2. Extended Halo Detection: MUSE's capabilities enabled the identification of extended Ly$\alpha$ halos around 270 galaxies, challenging previous limitations of statistical averaging or specialized observations. These halos can be traced to several arcseconds from the galaxy centers, representing the physical scale of the CGM.
3. Methodology for Emission Characterization: Through a combination of azimuthal averaging, image stacking, and spatial filtering, the research achieved detection of surface brightness levels significantly below those achievable for single sightlines. This methodological approach provides a framework for further studies seeking to characterize faint emissions in the universe.

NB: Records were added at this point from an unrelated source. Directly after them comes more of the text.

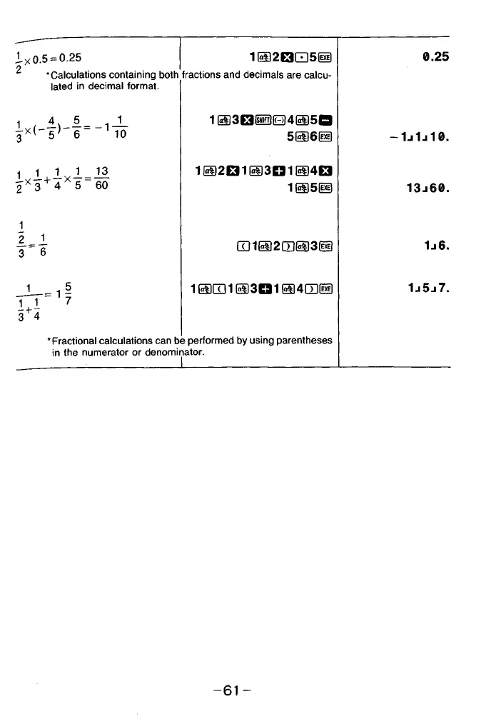 Fractional calculations can be performed by using parentheses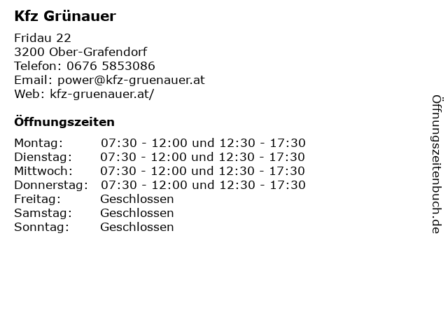 | Öffnungszeiten Kfz Grünauer in Ober-Grafendorf anzeigen | |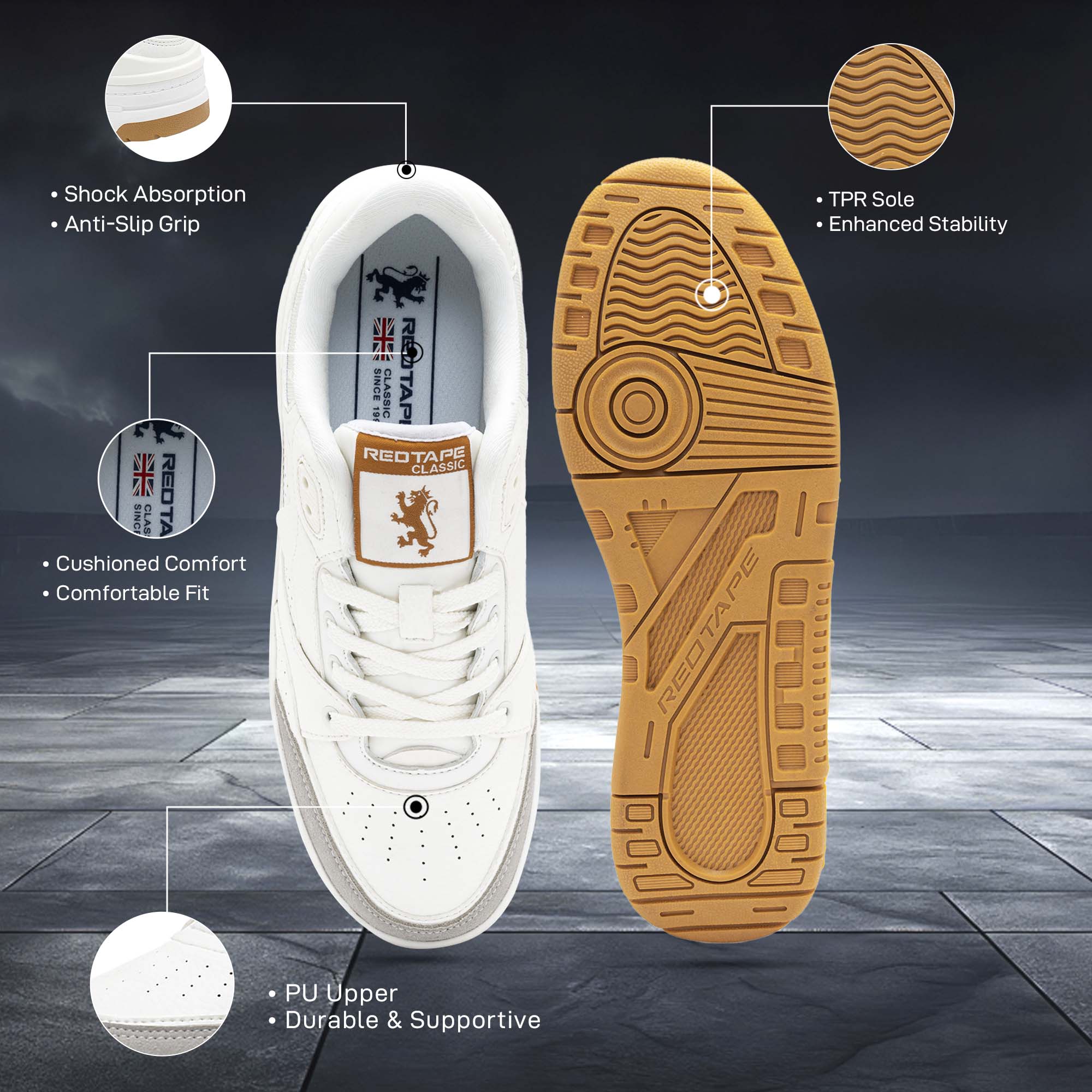 Treat yourself to a brand-new look with Red Tape's White Casual Lifestyle Shoes for Men! These shoes have a stylish TPR Sole and a low-maintenance PU Upper. These shoes are designed with a cohesive white aesthetic, incorporating different textures and pops of brown color for contrast. The Round Toe design adds a fashionable touch that will make you stand out wherever you go!
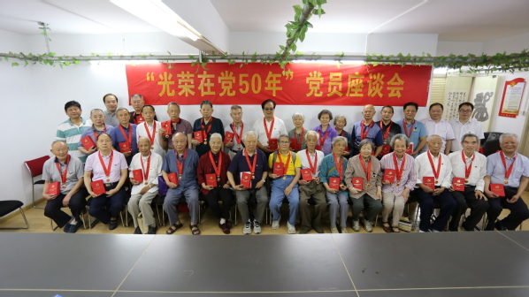 座谈会上,许邦官为参会老党员代表颁发“光荣在党50年”纪念章;大家重温了入党誓词;老党员们回忆了自己的入党初心和在党50年的感悟;与会党员们同唱红歌《没有共产党就没有新中国》。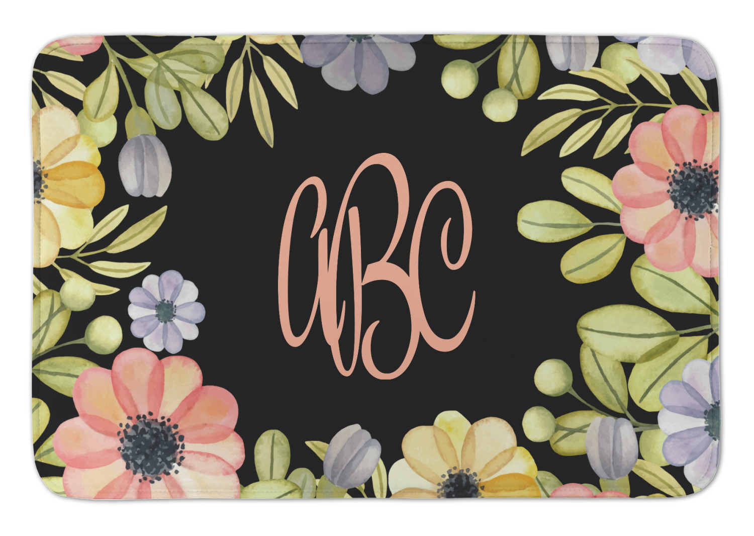 This design features a gorgeous black background with a frame of colorful wild flowers and greenery. You will find pinks, purples, and greens. But, if you were looking for other colors or types of flowers, be sure to take a peek in our design center at the other fun floral frame backgrounds we have. In the middle of this floral design you will find a three letter monogram to give an opportunity for our favorite thing: personalizing!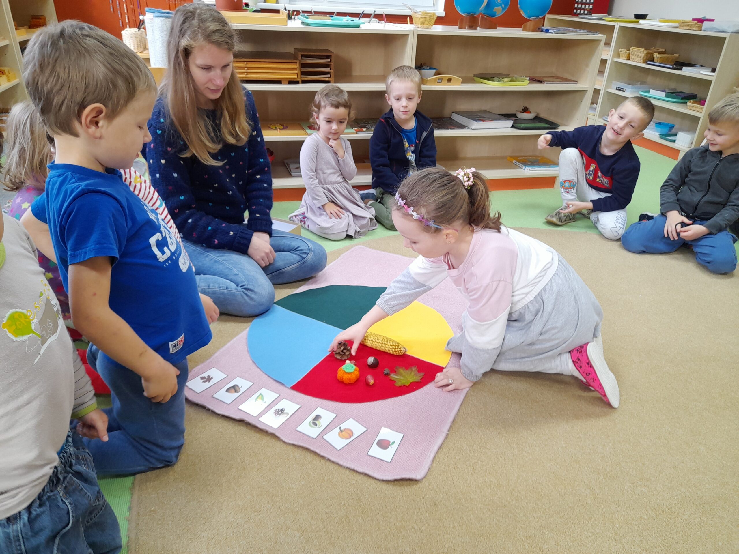 Nenajdete u nás nudící se dítě. Nenajdete u nás ani hračky (kromě těch odložených u vstupu do třídy). Najdete děti v kruhu svých kamarádů nad vybranou aktivitou nebo samotné dítě sedící u stolu u vybrané aktivity, experimentu či tvoření. Najdete u nás své dítě, které si „čte“, i když děti kolem staví věž z kostek (aniž by věděly, že poznávají desítkovou soustavu) nebo si ukazují, jak se tvoří dvouciferná čísla.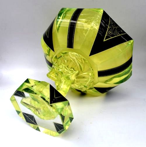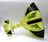 Standing approx 9" tall is this superbly stylish Art Deco comport. Originating from Czech republic and obviously influenced by Karl Palda this comport packs two punches, not only visually with it's very distinctive green / yellow colouring with added jet black enamel accents/design but the pure size of it which stands 23 cm high and 25cm in diameter. The glass is extremely thick and therefore the comport itself is very very heavy. The shape is extremely unusual, the column which supports the large bowl top features a nude female encircling to create the column. The most common colour of uranium glass is pale yellowish-green, which in the 1930s led to the nickname "Vaseline glass" based on a perceived resemblance to the appearance (which was a yellow-green colour) of Vaseline brand petroleum jelly as formulated and commercially sold at that time. This piece definitely won't disappoint, we defy the new owner not to fall in love it. Condition is excellent, can't find any damage or flaws to note. This is the second one we've ever had of this design in the last 15 years, so reasonably rare. UK customers: we want you to be delighted with your purchases from us and so we offer a full money back guarantee (items must be returned within 14 days in same condition as when sent) if you are not fully satisfied with your purchases from us for what ever reason and would like to return them. Please note : Shipping costs are not refundable. Refunds are only issued once an item has been returned back to us. Refunds are issued within 48 hours in receipt of return.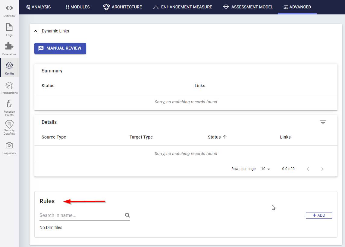 Application analysis configuration - Config - Advanced - Dynamic Links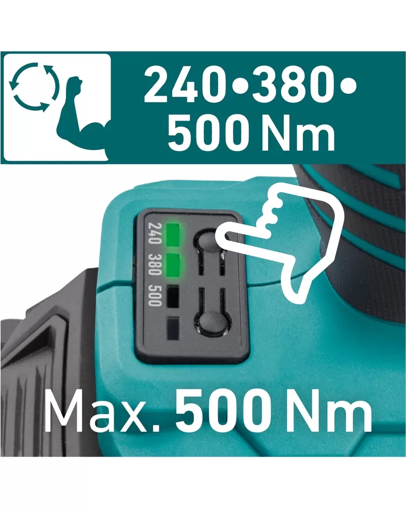 • Výkonný rázový brushless aku utahovák s vysokým max. kroutícím momentem 500 Nm poskytuje výkon pro širokou škálu utahovacích a povolovacích operací.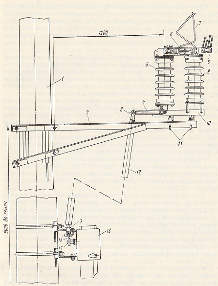 Рис. 123. Установка разъединителя постоянного тока с моторным приводом: 1 – опора; 2 – кронштейн; 3 – шарнирное ушко; 4 – рычаг изолятора; 5 – подвижный изолятор; 10 – опорная рама; 11 – крюковой болт; 12 – вал; 13 – моторный привод УМП-П; 15 – рычаг привода.
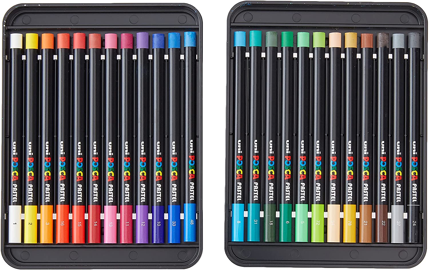 O nouă gamă de creioane pastel completează colecția de culori POSCA, disponibile în 24 de culori vii si rezistente la apă. Creioanele pastel POSCA se pot folosi pe o gamă largă de suprafețe. Pastelurile POSCA va oferă un mod placut și expresiv de a schița, colora sau picta. În plus, puteți încălzi creioanele pentru a crea efecte texturate. Fiecare creion pastel măsoara ~11cm lungime cu un diametru de 6.3 mm și este înfășurat într-un manșon de hârtie. Formula lor unică este bazata pe ceară, astfel încât culorile sunt vibrante și naturale, cu un finisaj super neted. Acest lucru înseamnă, de asemenea că sunt extrem de ușor de utilizat, nelăsând aproape niciun reziduu pe suprafata. Setul de creioane pastel POSCA vine intr-o cutie de plastic dur, ideala pentru depozitare, care asigura protectia si integritatea creioanelor. Setul de creioanele pastel POSCA contine urmatoarele culori: alb, galben, galben strălucitor, vermilion, roșu, roșu închis, roz, fucsia, violet, albastru prusac, albastru, sky blue, albastru deschis, verde smarald, măslin închis, verde, verde deschis, verde măr, portocaliu deschis , ocru deschis, maro, maro închis, gri și negru. Fade-resistant Set comes in a durable hard-shell case Highly blendable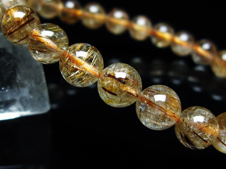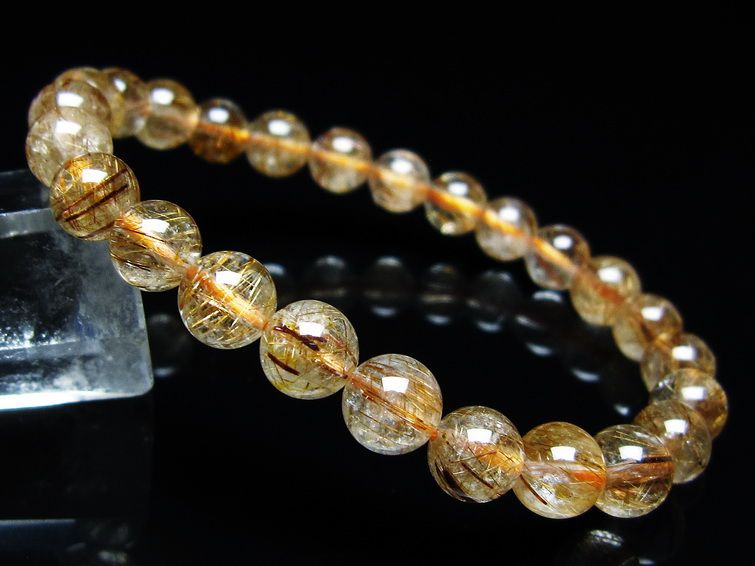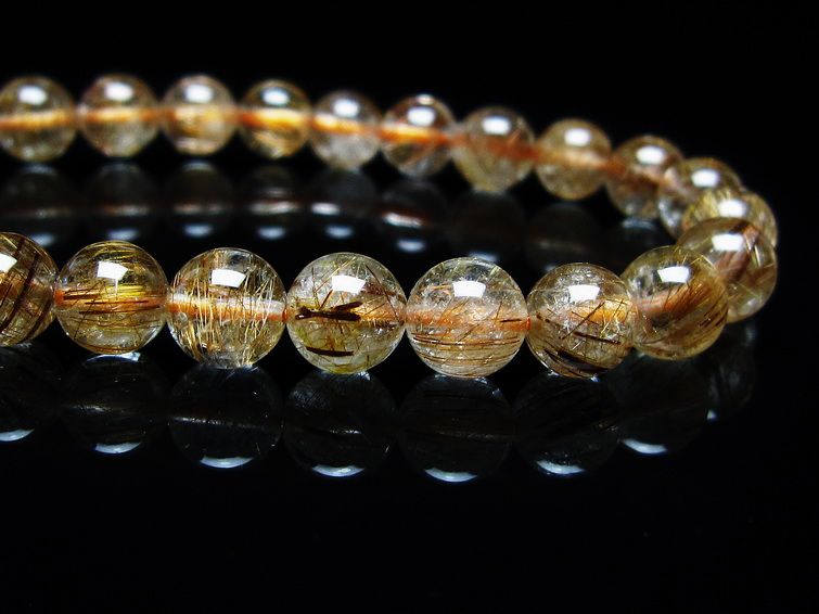 ゴールド タイチンルチルクォーツ ブレスレット 14mm 一点物 211-2417

Implications and Speculation

The detection of extensive Ly$\alpha$ emission has far-reaching implications for our understanding of galaxy formation and evolution during the critical epoch from redshift 3 to 6. The similarity of emission and absorption incidence rates suggests that we can now observe in emission much of the atomic hydrogen previously studied only through absorption lines. This transition from absorption to emission paradigms could reshape models of CGM interactions with galactic winds and inflows.

Practically, these findings enable a more complete mapping of matter distribution in the universe, presenting new opportunities to study the interplay between galaxies and their gaseous environments. Theoretically, they raise questions about the dynamics of Ly$\alpha$ halos, their association with star formation processes, and the role of CGM in the cosmic reionization era.

Future Prospects

This research opens up prospects for further exploratory and comparative studies of the CGM. Possible future developments could include:

• Enhanced spectral analysis of the Ly$\alpha$ line to gain insight into the physical processes, such as cooling flows and radiative transfer effects, occurring within these halos.
• Integration of higher-resolution instruments or upcoming observational facilities to refine our understanding of the spatial coherence and kinematics of the Ly$\alpha$ emitting regions.
• Cross-correlation studies with other wavelengths to examine the influence of Ly$\alpha$ emission on reionization and structural formation histories in the universe.

In conclusion, the paper's findings not only support advancements in observational astrophysics but also invite a re-evaluation of theoretical models concerning the CGM's role across cosmic timescales.